Note: Harvest your seeds from the plants that produce the most fruit and appear to be the strongest/healthiest. Gather seeds from more than just one tomato plant, for example, to ensure you are not always carrying the worst traits of the plants forward.
What you need to be concerned about is the fact that an heirloom plant will produce seeds that once planted will replicate the plant exactly and will produce a plant that bears fruit. The seeds inside the fruit can then be harvested for the next growing season. You can do this year after year. However, the seeds must be harvested and stored in a specific way to ensure the seeds will germinate.
You can stockpile hybrid seeds as well as heirloom seeds in your seed bank. Use the hybrid seeds when growing conditions are not ideal because the seeds are developed using the best traits of the plant so they are more likely to produce fruit under less than ideal conditions.
If you know, you will only be in a location for one growing season, do not have the time or resources to properly prepare the garden plot, and do not have time to compost for fertilization then you should consider planting hybrids, because of their hardiness.

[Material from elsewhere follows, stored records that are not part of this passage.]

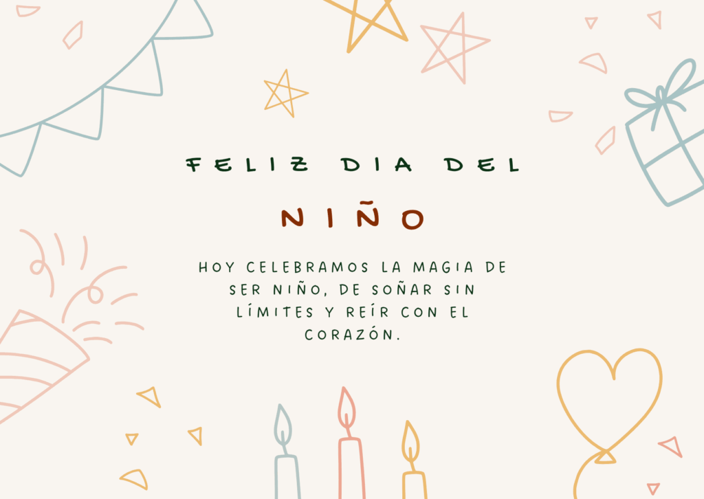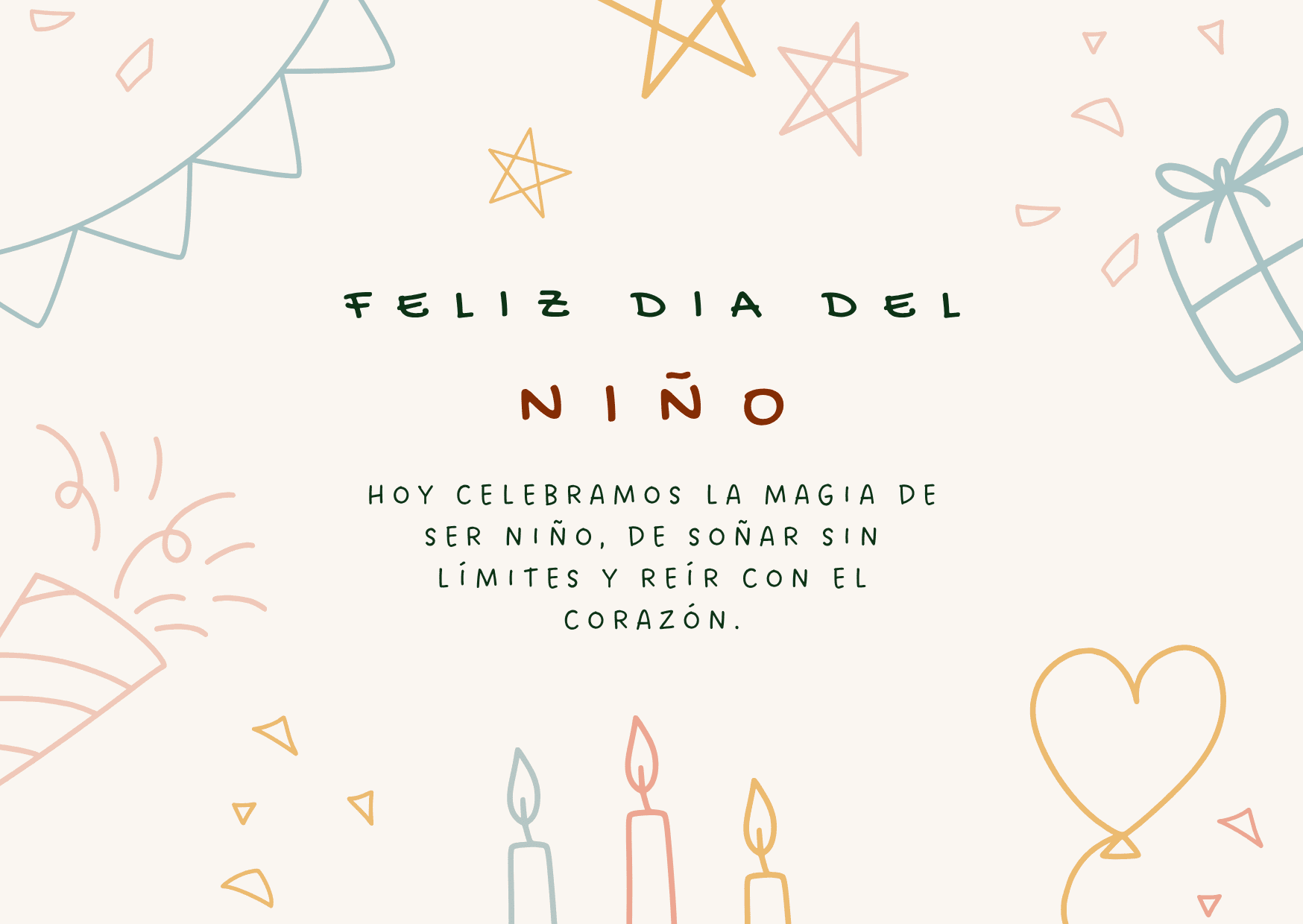 Feliz día del niño. Hoy celebramos a los pequeños héroes que llenan el mundo de risas, curiosidad y esperanza. Cada sonrisa tuya ilumina el día de quienes te rodean.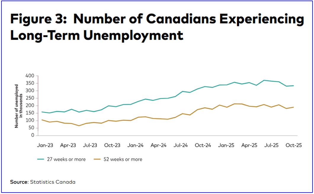 Additionally, a stronger Canadian dollar has already reduced import prices and is anticipated to remain resilient through 2026, reinforcing the cooling trend. On the labor market front, as shown in Figure 3, the number of Canadians experiencing long-term unemployment has stabilized at an elevated level since mid‑2023, adding slack to the economy and contributing to weaker wage growth and subdued consumer spending, further dampening core inflation.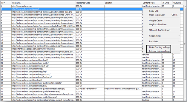 - Download All Images: This option downloads all the crawled images with their source page i.e. from where they were being found by the crawler.

Always have heirloom plants in the ground when possible as well, so you can be continually harvesting seeds for your seed bank to establish a long-term food source.
Grow vegetables you and your family will eat and grow surplus produce with bartering in mind as well. You should always have a surplus for preserving and for trading for other goods, services and materials.
Things to Consider
Gardens take time so once the crisis is upon you is when you need to begin thinking about a renewable food source. You have to have seeds in the ground while you still have plenty of food on hand.
Plants do not develop over night and there are never any guarantees of a good harvest. You should have enough supplies stockpiled so food is not an immediate concern while your garden develops. If the crisis happens in the winter months you need enough food to last until spring and then until your plants begin to bear fruit. You should have at a minimum a 12-month supply of food, to allow for all variables.
Some crops can take months before the plants would be ready for harvesting. In some areas of the country, you may have a shortened growing season so once a plant is ready for harvest you cannot expect to get another crop in and matured before the first frost in the fall. A growing season is typically determined by the number of days between the last frost in the spring and the first frost in the fall.
You will never achieve a 100 percent rate in other words a percentage of what you raise will never reach your table. Some of your produce will be eaten by pests or animals and some may even rot prematurely not to mention lack of rain, hailstorms or even excessive rainfall will influence crop yields.
What Type of Vegetables to Plant
First, you have to determine what temperature zone you are in so you can choose the best plants for your area.
The growing season has to be long enough for plants to mature and produce before cold weather sets in, so you have to know what your zone is and then choose plants that will grow in your zone. Certain plants that require a longer growing season than your area provides can be started indoors and then transplanted after the threat of frost has passed in the spring.
Here is an informational link so you can determine when to plant what vegetables
http://www.extension.iastate.edu/publications/pm534.pdf
You can grow whatever vegetables can be grown and once again make sure they are vegetables everyone likes and then make sure you have a surplus of all varieties for bartering and preserving.
Consider the growing space you need carefully because some plants may take up more space than you may have expected such as cucumbers and squashes. They will vine out but they can be controlled to conserve space by using trellises or stakes. Beans can be grown on poles, for example, instead of allowing them to sprawl all over the area, to leave room for other plants.